Two years in, the commute is gone. The dry-cleaning bill is gone. The incidental lunch expenses, the parking, the office wardrobe — all of it. The hours that were previously lost to transit are now available for other things. Most people who work remotely report higher productivity on focused tasks. Most also report something they have a harder time naming, a vague sense of something that used to happen at work that is not happening anymore. They are right to notice it. The trade is not as clean as it looks on paper.
What offices provided that homes do not is serendipity — the unplanned interaction, the overheard conversation, the question asked in passing that turns into a collaboration, the moment where someone in a different department says something that reframes a problem you have been stuck on for a week. These interactions are not scheduled. They cannot be replicated by a Slack channel or a Zoom happy hour. They happen in the margins of shared physical space, and they disappear completely when the shared space disappears.
The loss compounds at the career level. Early-career workers learn their profession not primarily from training programs but from proximity — watching how senior colleagues handle difficult conversations, picking up the unwritten rules of the industry, absorbing the professional norms that are never written down anywhere because they were transmitted through observation for decades. Remote work cuts off that transmission. The junior employee who started during the pandemic has, in many cases, never seen the job done well by someone more experienced than them.

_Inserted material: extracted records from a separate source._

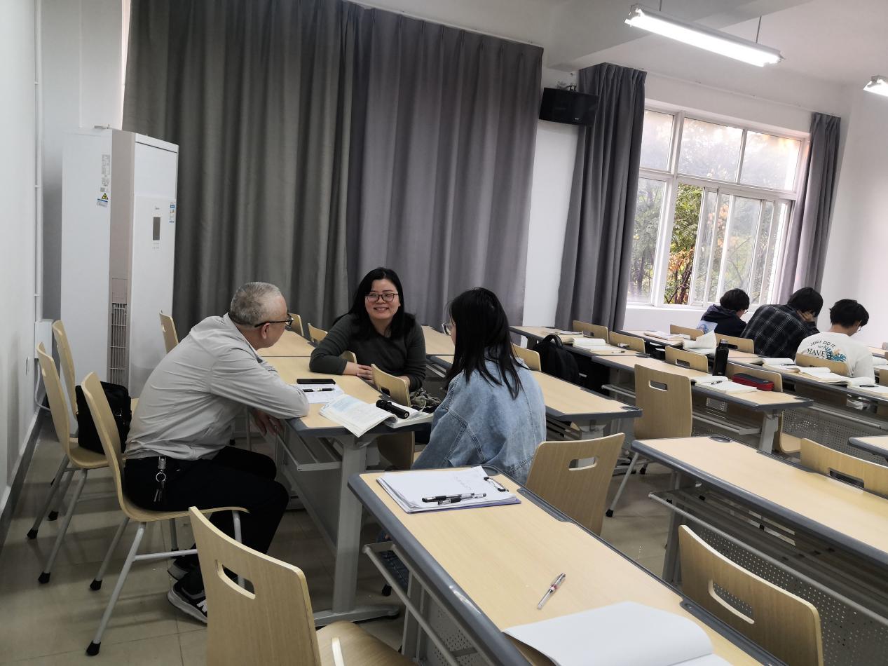 授课结束后,教学督导组专家和任课教师汤婷、汪嘉珮、王敏分别进行了交流,肯定了青年教师课堂授课的“产出”效果,并对老师们的课程教学提出了改进意见。
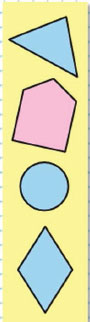 2) Лишняя фигура - пятиугольник, потому что он розовый, а остальные фигуры голубого цвета.
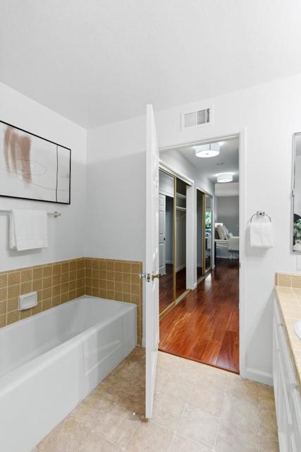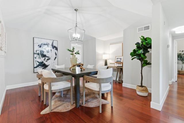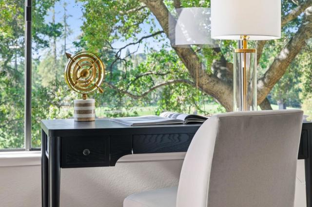 Ground-floor living in a gated community, complete w/ 2 dedicated parking spaces including an EV charger & a spacious private storage room, this beautifully updated home is further enhanced by top-rated Las Lomitas schools & a prime Sharon Heights location overlooking the golf course. Tucked away w/ direct access and enhanced privacy, the residence opens to a bright, refined interior with fresh paint and rich hardwood flooring throughout. The remodeled kitchen features marble countertops, modern appliances, and a built-in oven, seamlessly connecting to a dedicated dining area designed for both daily living and effortless entertaining. The grand living room is anchored by a cozy fireplace and extends to a large private patio, creating a seamless indoor-outdoor flow with peaceful golf course and greenery views. Two spacious bedrooms offer comfortable retreats, including a primary suite w/ direct patio access. Two full bathrooms are thoughtfully designed for both function & style. Additional highlights include central air conditioning, in-unit laundry, & well-appointed community amenities such as a heated pool & clubhouse. All just moments from Sharon Park, Sharon Heights Shopping Center, Stanford Shopping Center, and Stanford Medical Center, w/ easy access to major commute routes.
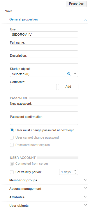 To change parameters of general user properties, use the General Properties tab in the User Properties dialog box in the desktop application and on the Properties side panel in the web application:
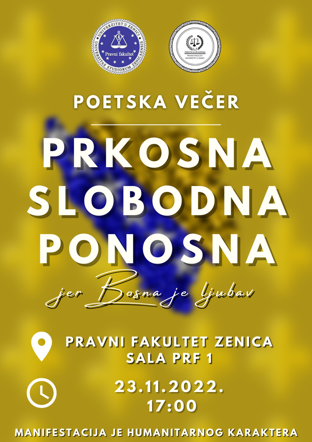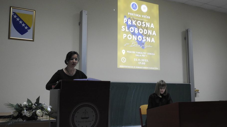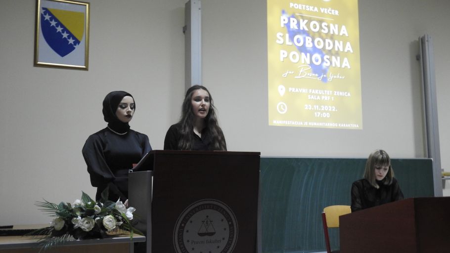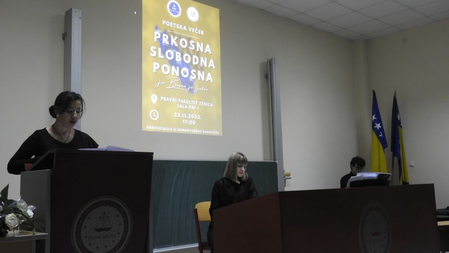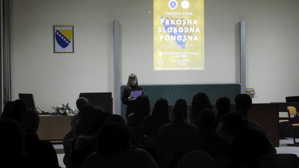 Na Pravnom fakultetu Univerziteta u Zenici realizovan je projekat poetske večeri na temu “Prkosna Slobodna Ponosna, jer Bosna je ljubav”.
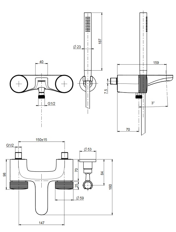 Carlo Frattini Texture Collection Bateria wannowo-natryskowa z zestawem natryskowym Chrom F5604VCR
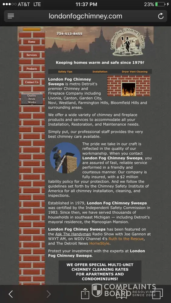 London Fog Chimney Sweeps’s earns a 1.0-star rating from 0 reviews and 1 complaints, showing that the majority of customers are dissatisfied with chimney cleaning services.
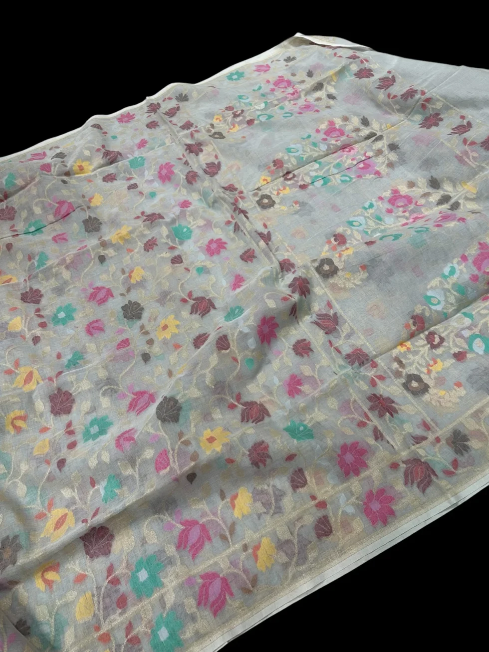 HANDLOOM PURE COTTON JAMDANI BANARASI SAREE
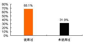 調(diào)查數(shù)據(jù)顯示,在所訪問6個城市的手機用戶中,已使用過數(shù)據(jù)增值業(yè)務(包括已使用過短信業(yè)務或已使用過其它業(yè)務的)的用戶占總體的68.1%,而還未使用過數(shù)據(jù)增值業(yè)務的占總體的31.9%。如下圖所示:
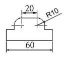 54. 磨削完成如下圖所示之尺寸,外部尺寸為 60mm,R 之中心距離尺寸為20mm,半徑 R 為 10mm,如單邊研磨裕留量為 0.1mm,即未磨削前外部尺寸為 60.2mm,則 R 值尺寸應為
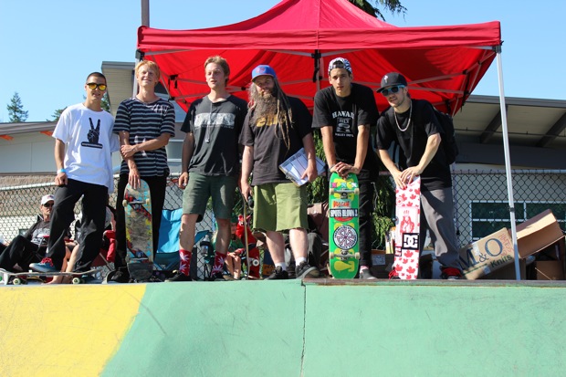 At the end of the day I finally announced all the winners from each category and we got photos of all the Top 3 with their plaques. I gave out plaques for Most Improved Skaters to JR Barron and Aiden Eastman who just destroyed it at every contest this year, and announced the last ever King of Surrey. The trophy went to Weston Ganger who definitely skated hard, solid and consistent all summer and took home a bunch of prizes at each event. He won this one too which made it it all make even more sense.
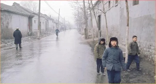 这条泥泞.的乡间小路,几个孩子放.学回家的场.景。道路两旁是低矮.的.平房.,天空灰蒙蒙的,却挡不住孩子们回家的急切心情。那时候的农村还很落后,.但.家的温暖却是.最真实的。
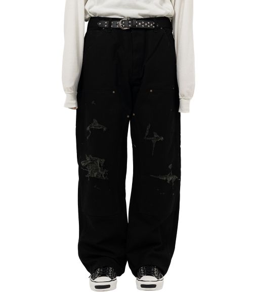 全体に穴あきやダメージ加工を施したディストレストカーディガン。
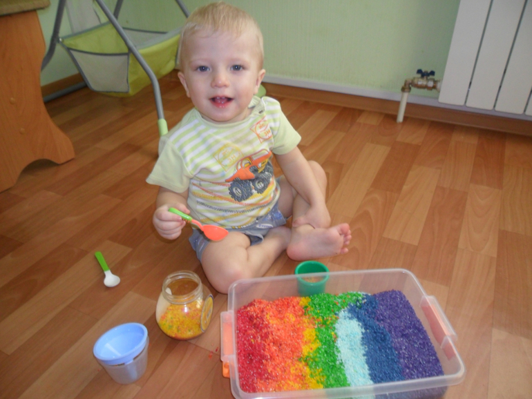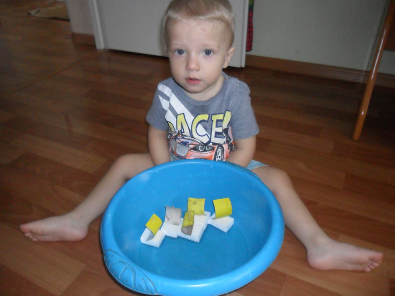 Ну а потом показывала детям рисование на молоке, им так понравилось, что просили сделать несколько раз. Вечером играли еще вот с такой сенсорной коробкой, Рома подпрыгивал от удовольствия, да и мне самой очень понравилось. И уже перед сном клеили аппликацию с обоими.
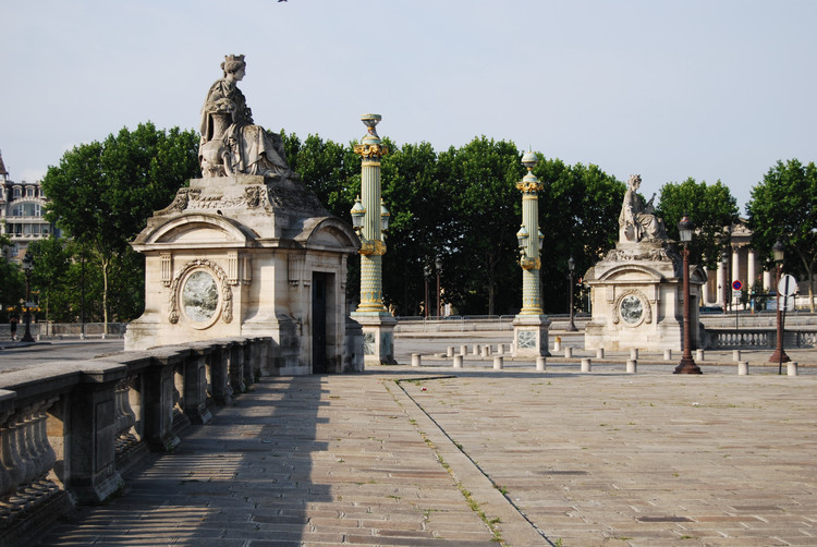 在路易 • 菲利普時(shí)代(1835-1838), 建筑設(shè)計(jì)師希托夫(Hittorf)受命完成廣場(chǎng)的規(guī)劃建設(shè),為了尊重廣場(chǎng)的設(shè)計(jì)師雅克•昂日•卡布里耶的原創(chuàng)意,希托夫?yàn)閺V場(chǎng)四周加上了欄桿及以下建筑:

Loneliness is the other thing nobody talks about directly. Work was, for many people, the primary source of daily social interaction. Not deep friendship — most workplace relationships are collegial rather than intimate — but the low-stakes, reliable human contact that turns out to matter more than people realized when they had it. The isolation that remote workers began reporting in year two of the pandemic was not about missing meetings. It was about missing the ambient presence of other people.
None of this means remote work is wrong. The flexibility it provides — the ability to be at a school pickup, to work from a different city, to structure your day around your actual energy rather than the open-plan office's noise schedule — is real and valuable, particularly for workers with families or long commutes. The productivity gains on focused individual work are real. The savings on commercial real estate are real for companies.
The honest balance sheet is that remote work is better for some things and worse for others, and the error of the past two years has been treating it as a binary. The organizations getting it right are the ones that have been honest about which work benefits from presence and which does not — that bring people together for the things that require it and leave the rest to individual preference. The ones getting it wrong are the ones who made the decision entirely on cost savings or entirely on employee preference surveys, without thinking carefully about what actually gets lost when physical proximity disappears.